もちろん、脳の処理だけを真似したとしても知覚器官が備わっていなければ不可能なんだが。
ではどうしているかと言うと、実は眼球内に存在する光学細胞が魔力の反射を同時に受信していたのである。
つまりは、紫外線や赤外線のように眼球に届いているのに知覚できない波長と同じことで、あとは元から届いている物を適切に受容して処理するだけなのだ。
俺は網膜に魔力を込めもう一枚魔力の膜を形成し、それを押しのける微細な魔力の形で魔力像を結ばせている。
あとは視神経を通して脳に入って来る解像情報を、牡山羊の悪魔を参考にもう一度光学と魔力に分離処理している訳である。

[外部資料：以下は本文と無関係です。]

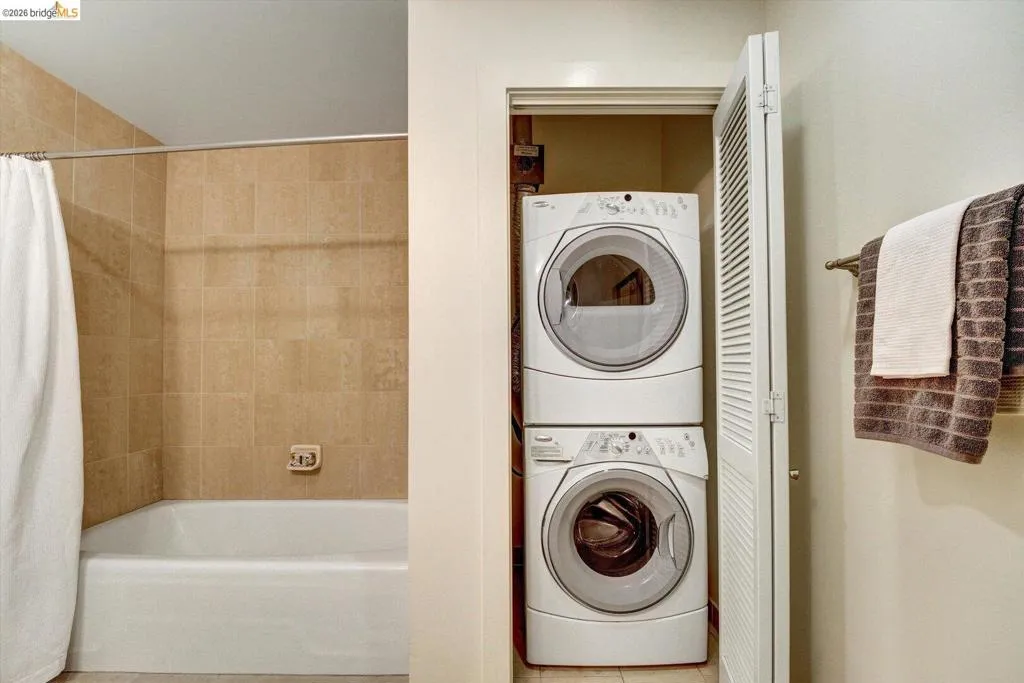 With a peek-a-boo view of the Port of Oakland and the San Francisco skyline from its private terrace, this immaculate fifth story two-bedroom condominium at Market Square shines with beautiful hardwood floors, new bedroom carpeting and two full bathrooms. Bedrooms are separated by living space, giving great flexibility. Generous closets, handsome kitchen, in-unit laundry, secure parking for one (with adjacent EV charger.) Pet friendly. Market Square is rich with amenities including a serene bamboo garden and a furnished rooftop with outdoor grill, fitness and business centers, sauna, steam room, community library and conference space. Proximate to 12th Street BART, Jack London's waterfront bicycle and walking trails, Chinatown, Old Oakland's cafes and restaurants including historic Swann's Market and downtown's entertainment centers as well as year-around farmers' market.

これまでに存在しなかった知覚機能を急に導入したせいで脳がパンクしそうだったが…、速やかに自己催眠に入った俺は知覚マップの再整理を短時間で終わらせた。
これは有用な技を得たぞ…。
ちょっと時間が掛かるので常用はまだ厳しいが、これも鍛錬で向上させていくとしよう。
ともあれ、あの魔物の危険性が分かったので対処法も決まったぞ。
すなわち、後ろから忍び寄って吐息を浴びる前に一撃で討ち果たすのだ。
…これ、魔力視は必要だったか?
まあいい、疑問を封印した俺はマジックバッグから槌鉾を引き抜いて忍び足を始める。
音はもちろんのこと、空気中の魔力も揺らがせない完璧な潜行を成し遂げるのだ…。
亀の歩むような速度で牛の魔物の背後から接近した俺は、一転して跳躍した。
牛の魔物の胴体を後ろから飛び越すようにして頭部に向けて落下する俺は、渾身の力を込めてその脳天に槌鉾を振り落とす。
ぼがん、という重々しい破裂音が響き渡り、牛の魔物の頭部は粉微塵に砕け散った。
…成った。
これぞ奥義、『すごく強い力で脳天を叩き潰す』の術だ…。
…ヴィクトルに伝授する日が来るまでに、もう少し恰好がつくように術理やらを捏造して後付けしておこう。
先人もきっとそうして来たに違いないからな…。